1 /* getword: get next word or character from input */
2 int getword(char *word, int lim)
3 {
4 int c, getch(void);
5 void ungetch(int);
6 char *w = word;
7
8 while (isspace(c = getch()))
9 ;
10 if (c != EOF)
11 *w++ = c;
12 if (!isalpha(c)) {
13 *w = '\0';
14 return c;
15 }
16 for ( ; --lim > 0; w++)
17 if (!isalnum(*w = getch())) {
18 ungetch(*w);
19 break;
20 }
21 *w = '\0';
22 return word[0];
23 }
下面来讨论函数getword。我们这里给出一个更通用的getword函数。该函数的功能已超出这个示例程序的要求,不过,函数本身并不复杂。getword从输入中读取下一个单词,单词可以是以字母开头的字母和数字串,也可以是一个非空白符字符。函数返回值可能是单词的第一个字符、文件结束符EOF或字符本身(如果该字符不是字母字符的话)。
1 /* getword: get next word or character from input */
2 int getword(char *word, int lim)
3 {
4 int c, getch(void);
5 void ungetch(int);
6 char *w = word;
7
8 while (isspace(c = getch()))
9 ;
10 if (c != EOF)
11 *w++ = c;
12 if (!isalpha(c)) {
13 *w = '\0';
14 return c;
15 }
16 for ( ; --lim > 0; w++)
17 if (!isalnum(*w = getch())) {
18 ungetch(*w);
19 break;
20 }
21 *w = '\0';
22 return word[0];
23 }
getword uses the getch and ungetch that we wrote in Chapter 4. When the collection of an alphanumeric token stops, getword has gone one character too far. The call to ungetch pushes that character back on the input for the next call. getword also uses isspace to skip whitespace, isalpha to identify letters, and isalnum to identify letters and digits; all are from the standard header <ctype.h>.

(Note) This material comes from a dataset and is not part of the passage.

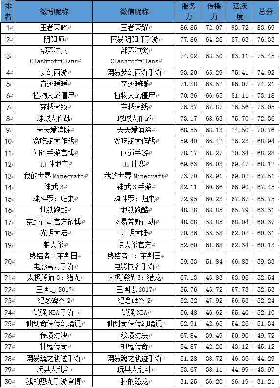 报告从传播力、服务力和活跃度三个维度分析移动游戏产品,揭晓了“移动游戏品牌传播影响力排行榜TOP30”。“王者荣耀”位居榜首,“阴阳师”排第二,“为了部落”排名第三。

getword函数使用了第4章中的函数getch和ungetch。当读入的字符不属于字母数字的集合时,说明getword多读入了一个字符。随后,调用ungetch将多读的一个字符放回到输入中,以便下一次调用使用。getword还使用了其他一些函数:isspace函数跳过空白符,isalpha函数识别字母,isalnum函数识别字母和数字。所有这些函数都定义在标准头文件<ctype.h>中。
Exercise 6-1. Our version of getword does not properly handle underscores, string constants, comments, or preprocessor control lines. Write a better version.
练习6-1 上述getword函数不能正确处理下划线、字符串常量、注释及预处理器控制指令。请编写一个更完善的getword函数。